Per Sinigaglia il sociale è l’acqua in cui nuota da sempre, lo faceva da comunista con devianze anarcoidi, lo fa tutt’ora da anarchico con devianze comuniste. A volte viene da pensare che ami più gli animali che gli uomini, il vero protagonista buono del libro è un gigantesco cane di nome Geronimo, prima amato e poi rapito e sfruttato nell’inferno dei combattimenti gestiti dalla criminalità organizzata e infine di nuovo libero e amato. In realtà l’autore distribuisce il suo amore tra animali e umani, almeno quel pezzo d’umanità che sta dalla parte del torto, la migrante irregolare, il professore di italiano ridotto alla condizione di “barbone” zoppo, il volontario che abbandona la sua origine borghese per mettersi al servizio di chi, superati a fatica recinti e confini, lancia sos. Chiamare Geronimo il cane, per dirne una, è una confessione d’amore per gli apache. 

Buoni e cattivi si rincorrono In mezzo all’inferno dove i più fragili inevitabilmente vengono sospinti, e ne escono. Tanya dalla prostituzione, Bruno dal degrado e dall’alcol, Geronimo dalle guerre canine, ne escono con l’aiuto della sorte, della coscienza e della volontà, della solidarietà di un camionista, di un prete, di un centro sociale, di una prostituta involontaria. Il centro sociale non entra per caso nel libro, perché fa parte dell’impegno presente passato e futuro di Sergio Sinigaglia. 
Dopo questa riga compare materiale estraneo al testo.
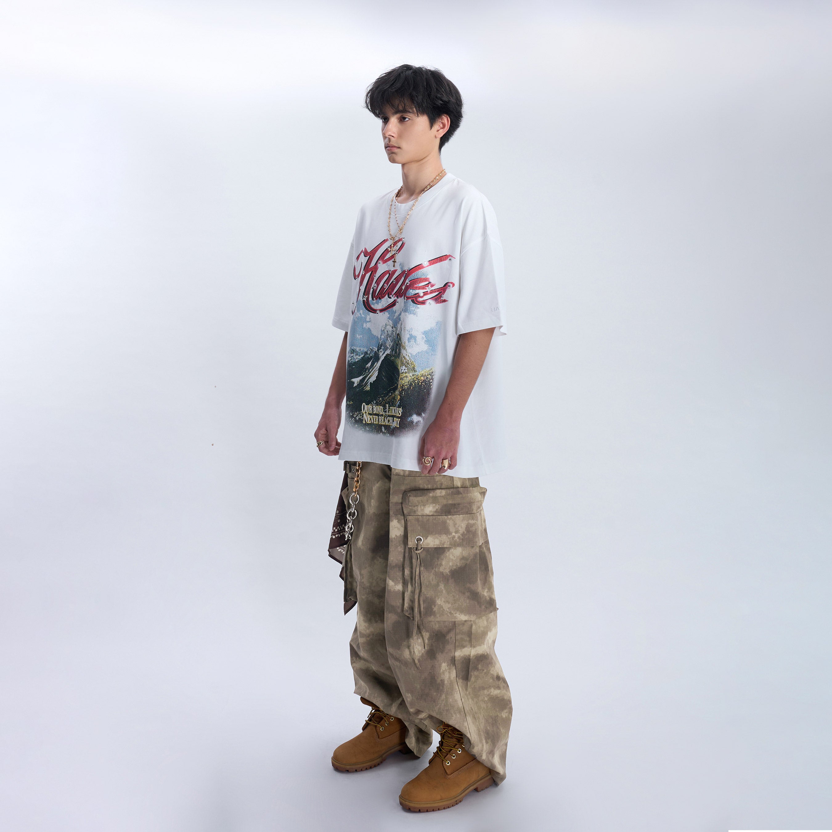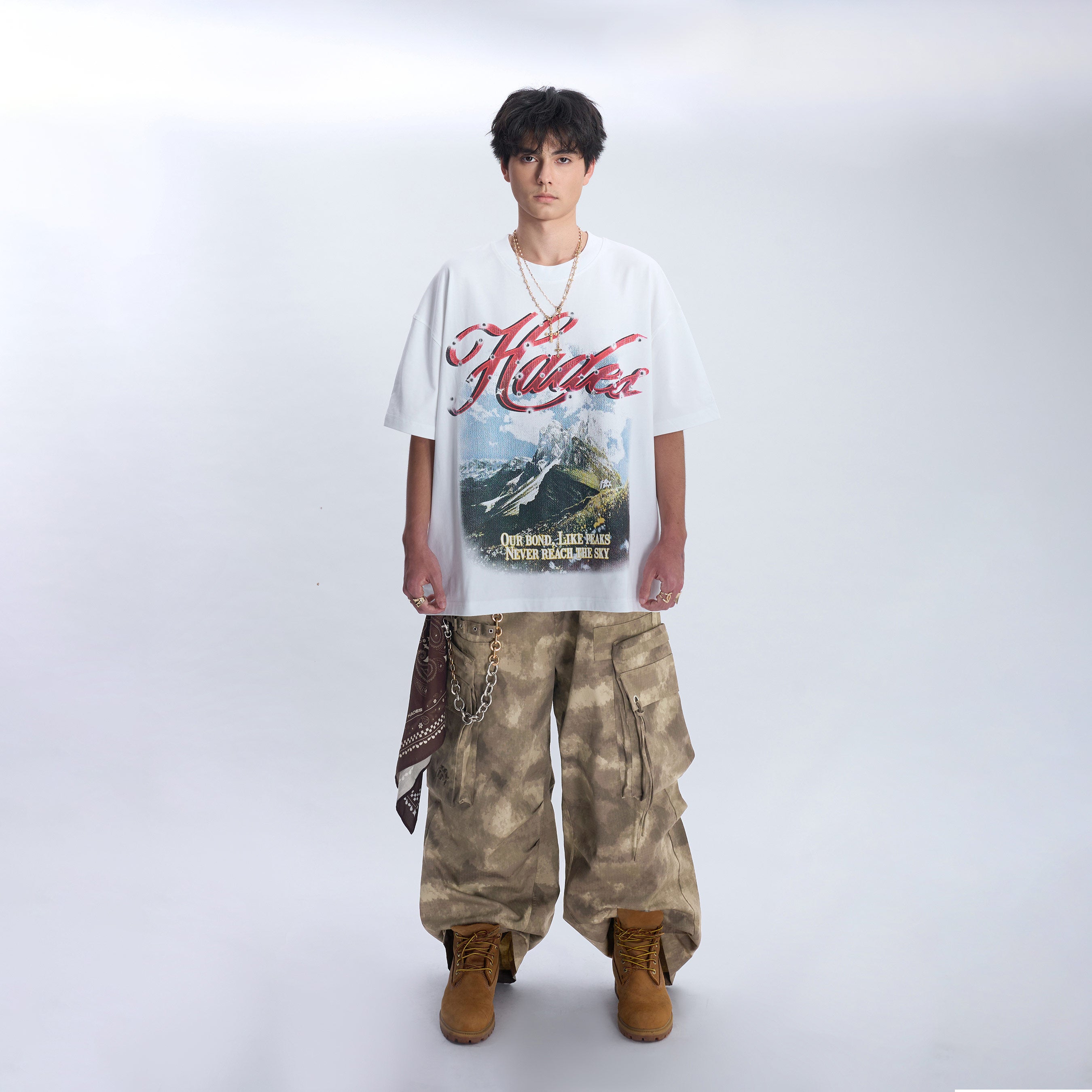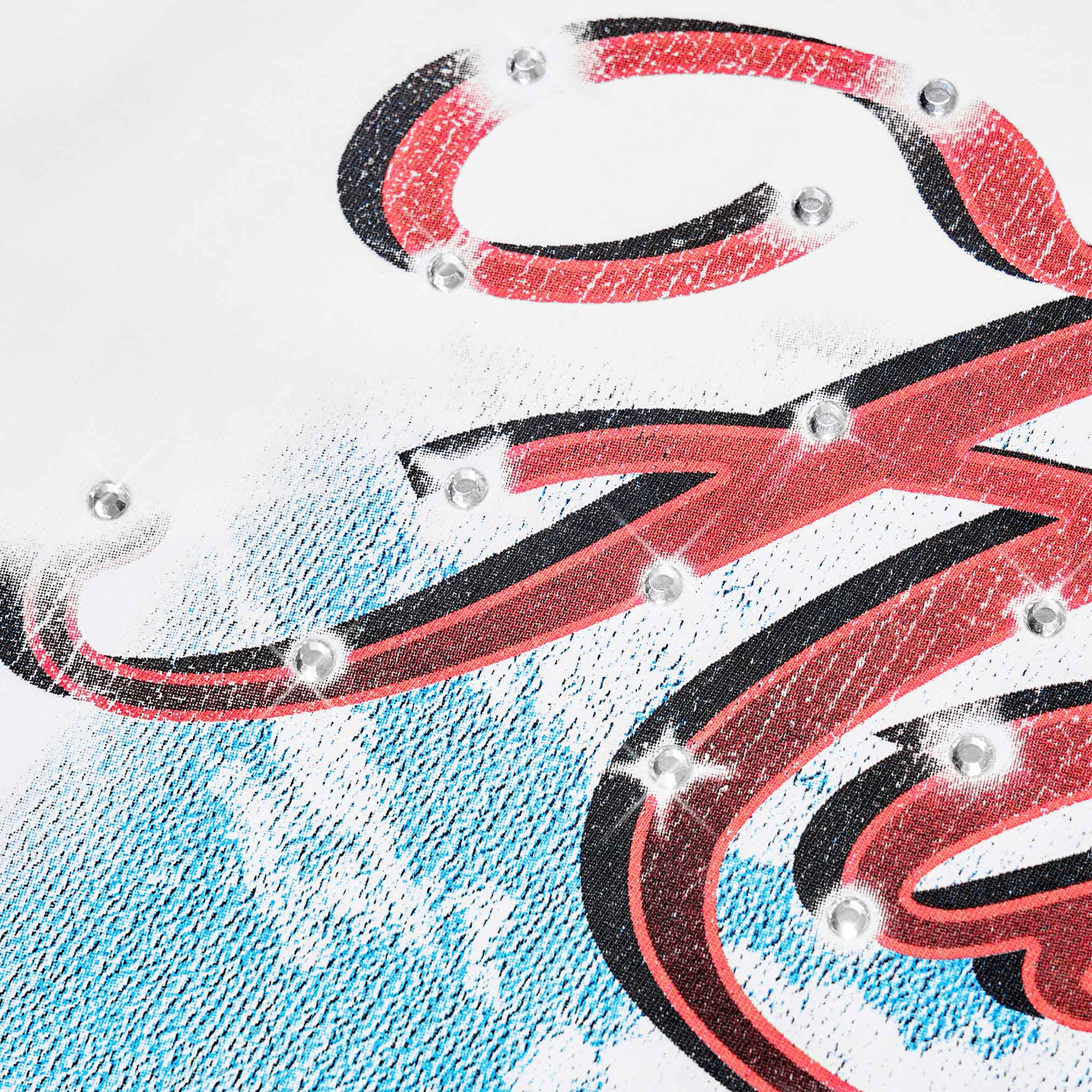 • Graphic design combining silkscreen printing and rhinestone detailing

Questo stesso libro, come le sue cronache e la sua stessa vita, fa parte di tale impegno. I lettori penseranno: perché ci parli più dell’autore che del libro? Semplice, perché bisogna leggere i libri e non i riassuntini del recensore di turno. E val la pena leggere In mezzo all’inferno, editore Pequod, perché è ben scritto, ben pensato, ti costringe a prendere parte, cioè a uscire dal recinto degli indifferenti.